<<<<
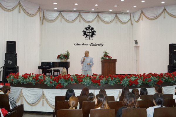 김천경찰서(서장 김훈찬)은 지난6월12일 김천대학교 제1보건과학관 강당에서 음악과 학생 60명을 대상으로 여성긴급전화 1366 경북센터장 진원스님을 초청하여 성폭력 예방교육을 실시하였다.
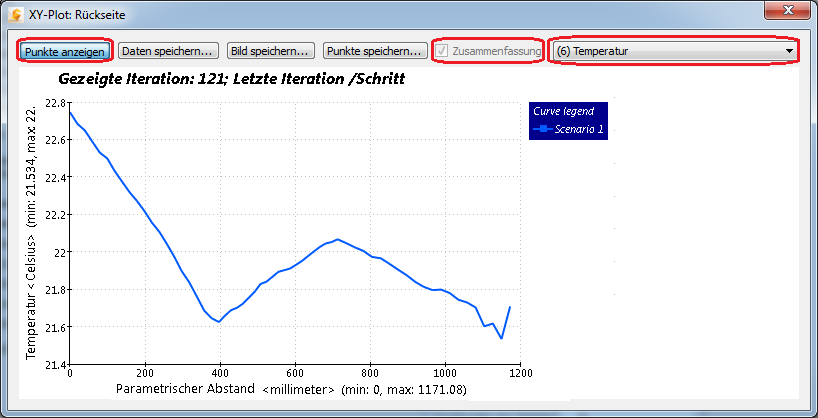 18. Um die Temperaturen bei den hinteren Passagieren zu plotten, öffnen Sie das Dialogfeld XY-Plot (wenn es nicht bereits geöffnet ist). Geben Sie den Titel hinten für XY-Plot ein.
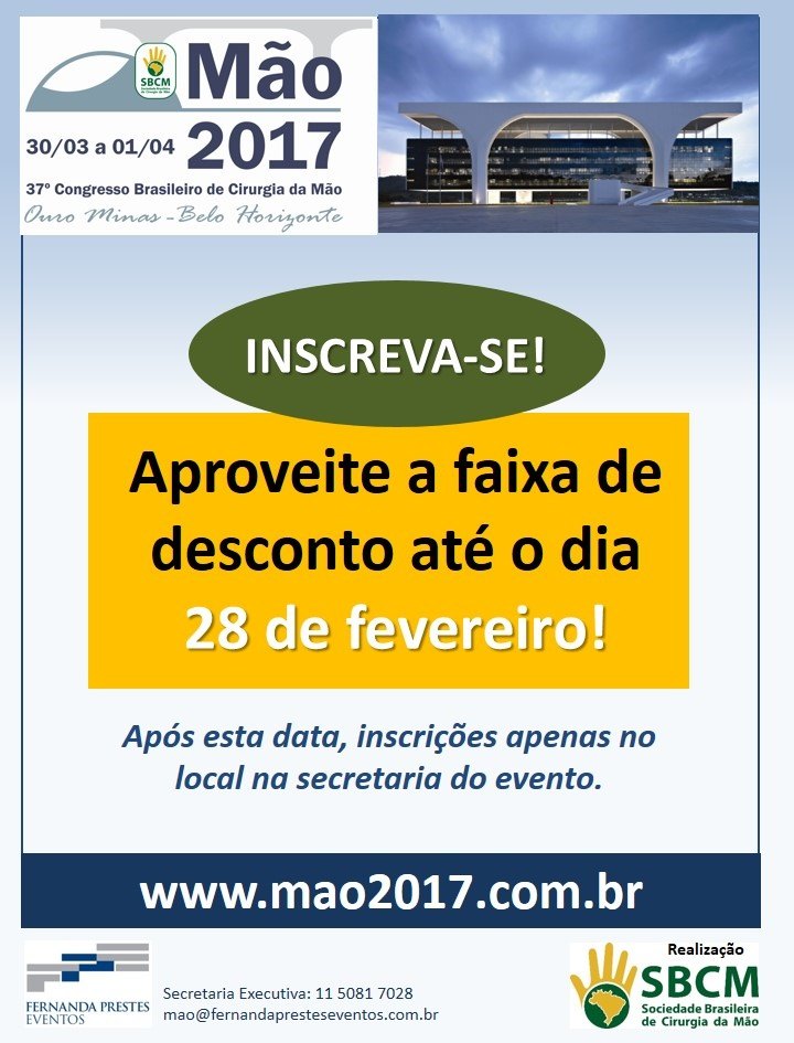 Inscrição do 37º Congresso Brasileiro de Cirurgia da Mão tem desconto até dia 28/2
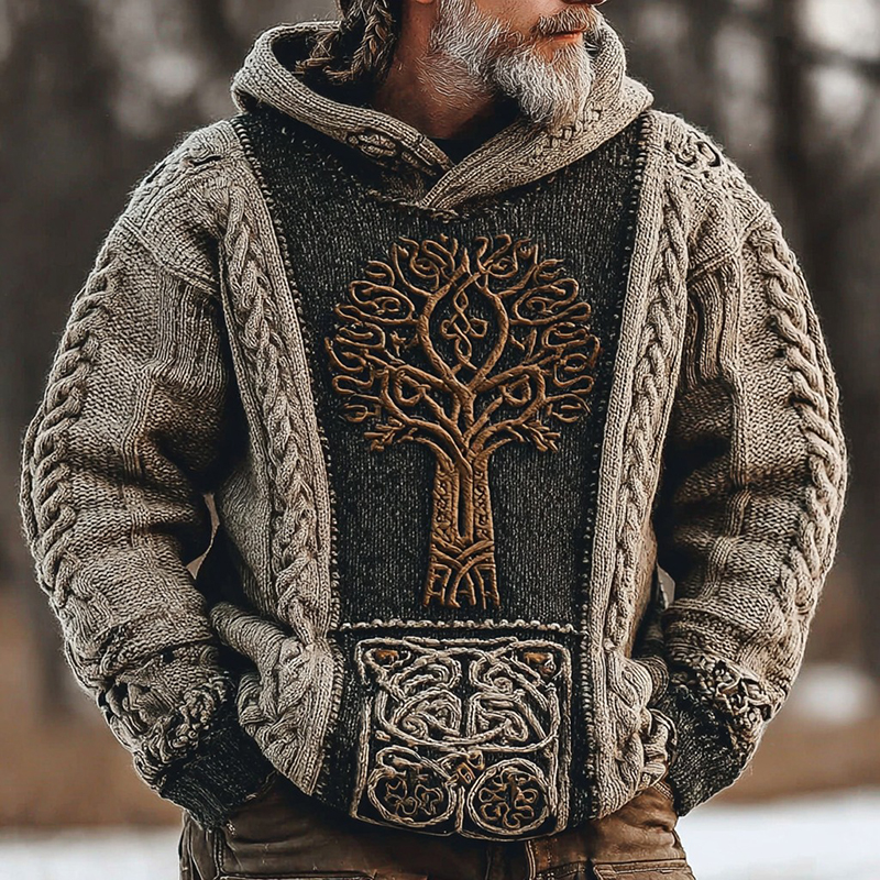 Men's Viking Celtic Knot Tree Of Life Stitching Comfortable Warm Sweater Hoodie
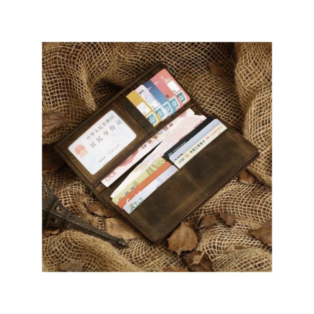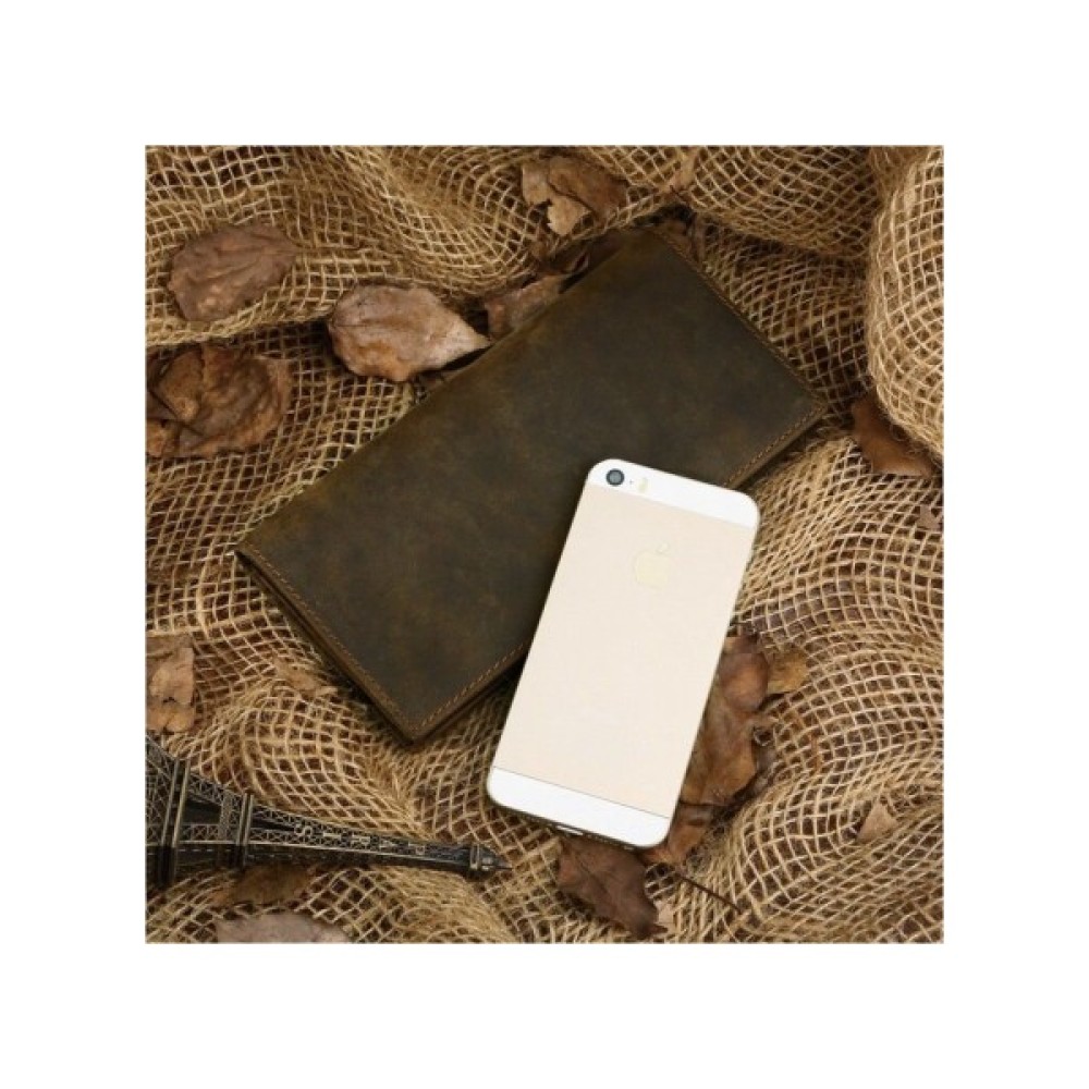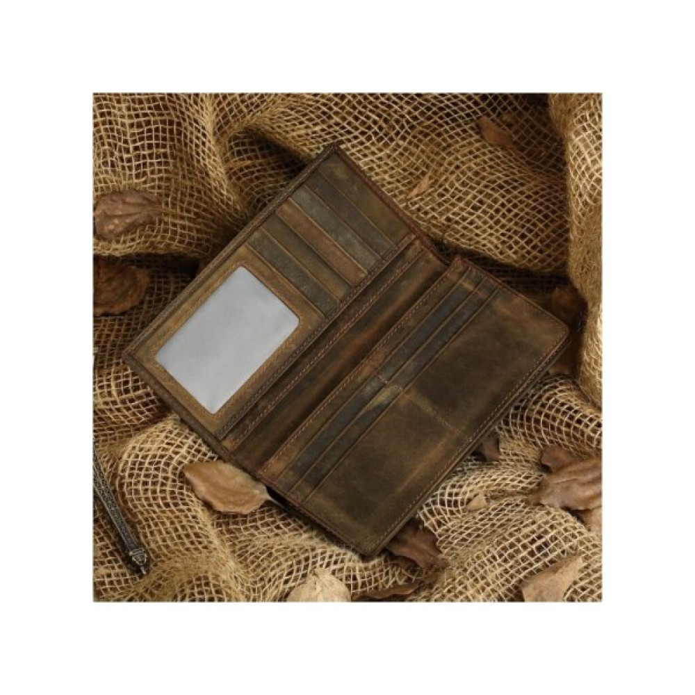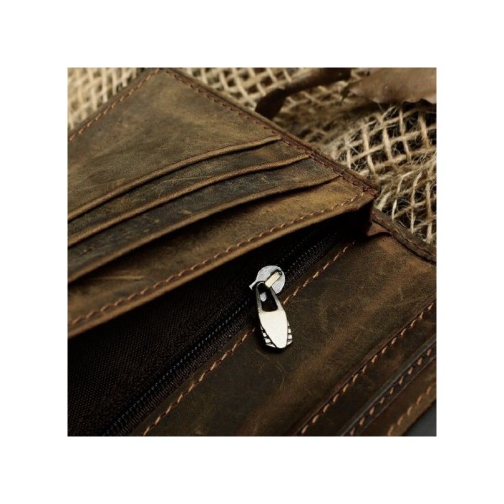 Сучасний, якісний гаманець коричневого кольору. Аксесуар виконано з натуральної вінтажної шкіри, яку прийнято називати Crazy Horse (Крейзі Хорс). Відмінними рисами такої шкіри є потертості і неоднорідність забарвлення, що надає виробу оригінальність.
>>>>
• [EXERCISE]: Repeat the lines above exactly, beginning with the one containing "18. Um die Temperaturen" and finishing with the one containing "Inscrição do 37º". No pictures belong in the copy.

• [EXPECTED ANSWER]:
 18. Um die Temperaturen bei den hinteren Passagieren zu plotten, öffnen Sie das Dialogfeld XY-Plot (wenn es nicht bereits geöffnet ist). Geben Sie den Titel hinten für XY-Plot ein.
 Inscrição do 37º Congresso Brasileiro de Cirurgia da Mão tem desconto até dia 28/2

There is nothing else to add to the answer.